Unindo isso com a experiência de muitos anos onde atravessamos períodos com as já conhecidas conturbações econômicas, sociais, politicas  e culturais que nos são impostas todos os dias  compõem novos desafios diários que temos de vencer para nos consolidarmos.

Ressalto a importância do trabalho em equipe, do compromisso coletivo e do intelectual apropriado para a atividade é um fato determinante para a estratégia e incursão educacional  no  mercado como um todo.

6) Quais características o músico deve ter para empreender no ramo da música?

Sobre tudo foco e determinação, pois, é uma área singular e muito personalizada.  Para obter resultados positivos precisamos de compromisso com a educação musical e em especial com a formação acadêmica.

7) Como a disciplina de instrumentista contribuiu em sua consolidação e atuação empreendedora?

Todos os dias, temos de nos esforçar e nos dedicarmos ao estudo da música ou ao ensino da música, pois, somos chamados para diversos temas no dia a dia, mas tendo em mente o treino e a capacidade de absorção e a capacidade de discernimento do que é de fato importante para a empresa/escola ou ainda para o músico/professor, exerce-se  diariamente com muita disciplina e metas. São lições similares.

8) Partindo de uma visão acadêmica, como avalia a formação universitária oferecida aos estudantes no Brasil ao que se refere a preparação para o mercado de trabalho do músico profissional? O músico graduado está preparado a gerir uma carreira tão diversificada?

Sim. Mas o mercado tem variações enormes, de acordo com o seu momento histórico e por isso, creio que devemos reciclar e buscar novas alternativas para a formação do cidadão músico dia-a-dia.

Devemos reforçar cada vez mais o comprometimento com o talento e conhecimento para auferir melhor resultado. E se cada vez mais o mercado forma  músicos bacharéis ou ainda licenciados, com certeza, valorizando esse mercado de atuação do músico com a formação acadêmica e utilizando de recursos, pode hoje fazer a diferença nos vários desafios da sua vida e da diversificação – desde aulas, ensaios até shows, concertos e eventos.

9) Como sua experiência adquirida com a prática e gestão empreendedora poderia contribuir com a formação dos novos músicos do Brasil? 

Creio que todas as atitudes e ações que tomar na sua vida dedicada a música, devem ser em busca de realizar algo nobre para a gestão de sua carreira e assim sendo, o que posso dizer, é que devemos ficar sempre atentos as novas perspectivas e possiblidades de realizações e tornar seu projeto único e valioso e com certeza, o sucesso  virá.

O meu maior legado é o exemplo disso e a dedicação que entrego a minha gestão, operação e ainda visto  recentemente no empreendimento que acabo de realizar na unidade do Souza Lima Paraíso para oferecer sempre o meu melhor. Esse é o ponto. Fazer sempre o seu melhor.

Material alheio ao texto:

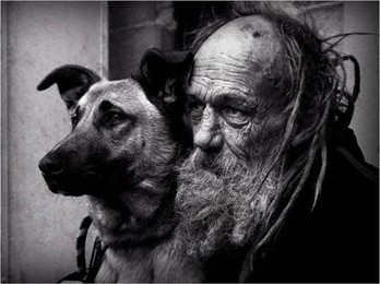 Dan steek hy sowat 100 meter van my vas. Hy gaan sit op die kerk se muurtjie. Hy haal opgefrommelde plastieksakke uit sy “baadjie” se sakke. Ook ’n bottel met water. Dan sien ek die hond naderkom. Net so stadig. Die ou man neem ’n stuk plastiek en vryf dit glad oop en sit dit op die grond neer. Dan gooi hy daar water op sodat die hond kan drink. Bietjie vir bietjie. Toe neem hy self ’n sluk of twee. Hy maak nog ’n sak oop en haal iets wat lyk soos ’n stuk brood uit. Hy vryf dit skoon teen sy vuil klere. Toe breek hy ’n stukkie af en gee vir die hond; dié eet graag. Daarna hap hy ook en hulle eet en drink saam.

10) Qual a importância de diversificar dentro das áreas de atuação do músico profissional? E essa diversificação, em sua visão, se compara as ações de uma empresa?

Nos dias de hoje, somar é essencial e por isso, devemos estar prontos para ser um instrumentista ou ainda professor e ou ainda, desenvolver sempre mais do que uma carreira dentro da música.

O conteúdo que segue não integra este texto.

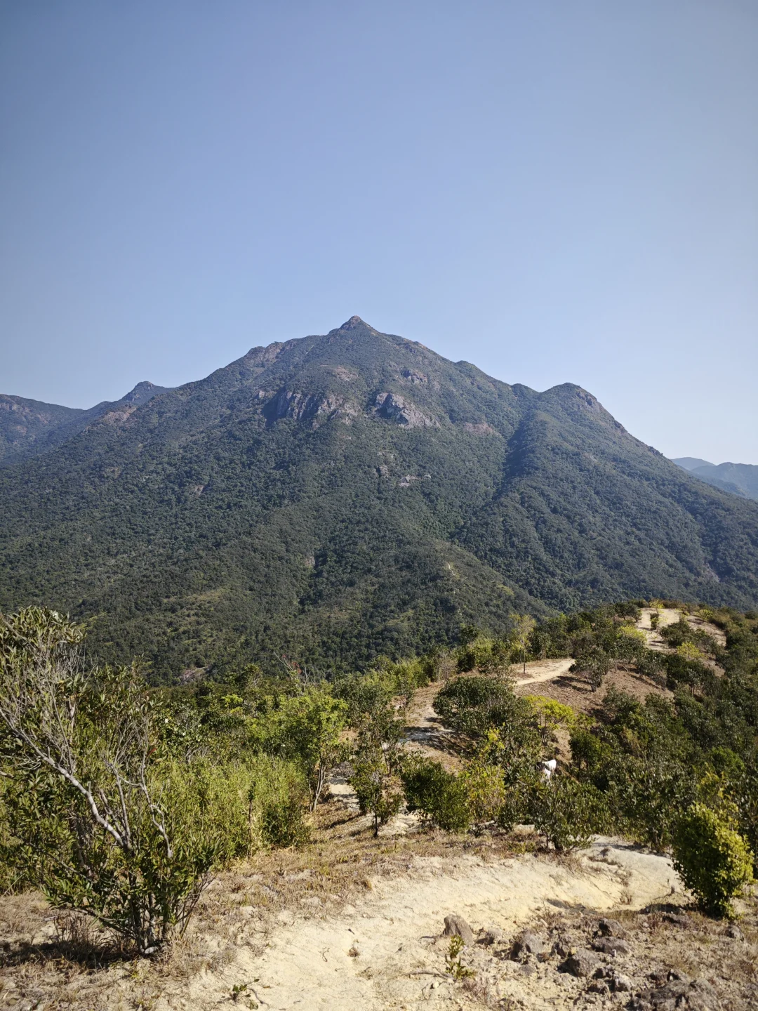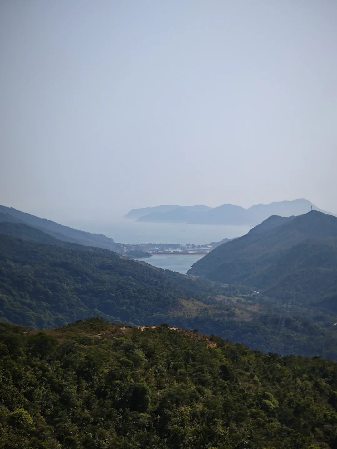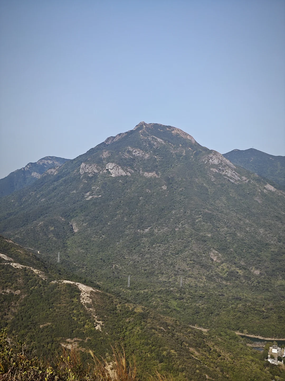 路线风景一般,离海比较远,山也不高,东边有高耸的七娘山拔地而起,西边有红花岭-抛狗岭山脊阻隔,只有在青山顶和矿山顶等高处视野开阔一点,可以仰望七娘山,俯瞰西涌沙滩,远眺天文台。

Sabemos que temos muitas oportunidades, vários segmentos e ou carreiras a seguir dentro da atividade de música profissional, que vão desde o instrumentista, copista, arranjador, compositor, produtor e até mesmo regente ou maestro e por isso, o preparo, o estudo, a dedicação, a experiência e a busca pela excelência são fundamentais para a evolução. E que seja de sua carreira ou ainda para sua empresa.

 

Caríssimo amigo Antonio Mario da Silva Cunha agradeço a entrevista. 

A contribuição com uma nova geração de músicos profissionais, melhor formada, mais informada, é um legado que com certeza temos em comum.

Grande abraço

João Marcondes

Entrevista realizada por e-mail em 20 de maio de 2018.